6 years ago today, my gramma died.
I wrote this post two years ago. I try, very hard, right around this time of year in particular, to share what happened to her. Not to criticize or horrify, but to make people aware of what can happen.
I miss her every day. I put a note in our wedding program that we could see her face, and those of the other family members we've lost, in our loved ones' faces, but I still miss her terribly. She had so much living to do yet--she wanted to live to be a great-gramma, that was her goal. Even thinking that she is in Heaven, picking out the soul that will, one day, be her great-grandchild (I imagine her choosing an ornery little one, but not a red-headed one, she didn't like red hair, even though two of us have it, LOL) doesn't make it any easier. I wonder if the boy who killed her will stop today and say a prayer for her.

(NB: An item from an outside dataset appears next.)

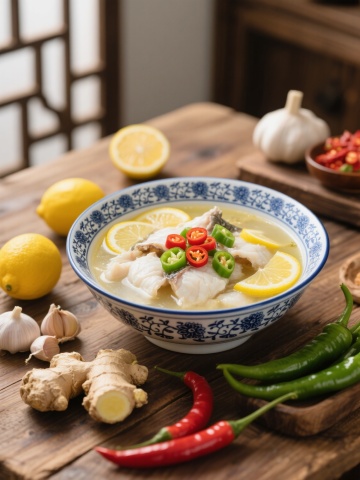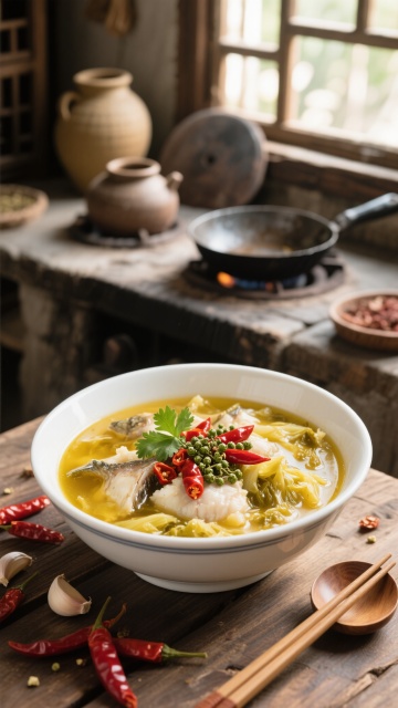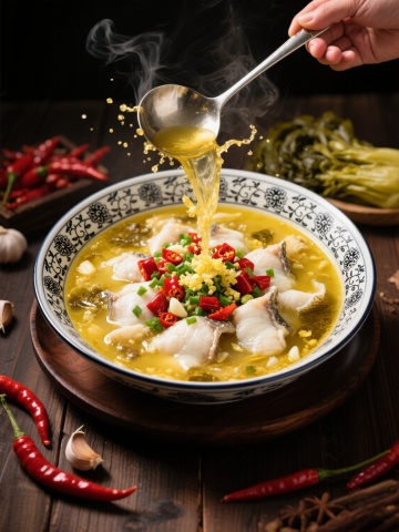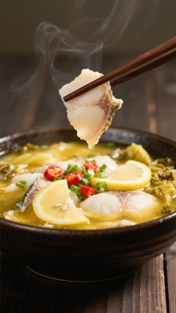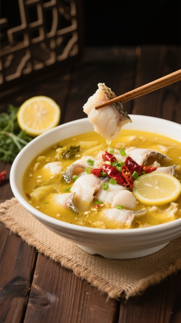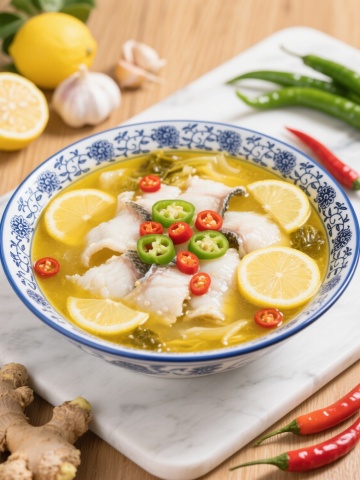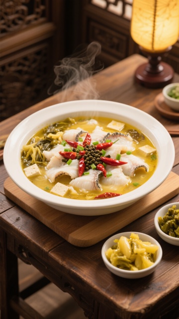 精致的白色陶瓷锅中装满金黄色酸汤鱼片,雪白的鱼片鲜嫩饱满,表面撒有鲜红辣椒段和翠绿葱花,汤汁清澈透亮,点缀着酸菜与豆腐块,锅具置于木质砧板上,周围摆放两碗腌黄瓜配菜,整体采用温暖柔和的自然光线下的写实美食摄影风格,主色调为金黄、雪白与木色,光影柔和细腻,突出食物的质感与温度,背景变换为现代简约的中式餐厅环境,浅色木质餐桌搭配灰色布艺座椅,墙面装饰水墨画,营造雅致温馨的用餐氛围。

Did he ever pray for us? If so, he never reached out to us--I know it's too much to expect, but, really, was it too much to ask?
But I will try not to dwell on the bad things. Because her life was so much more than that last day. It always gave me great delight to think that I probably had the only set of shine-making grandparents in my high school class. Yes, other people's grammas were probably better educated and more genteel, but mine were COOL! And, how she loved dogs, of all shapes and sizes. How Beazer would have loved his great-grammy. And I take a lot of comfort from the same song that I loved during those first few months, "Drops of Jupiter" by Train. I prefer to think of her as dancing along the light of day. Heaven is a much more interesting place since she went. The world is a better place because she was here.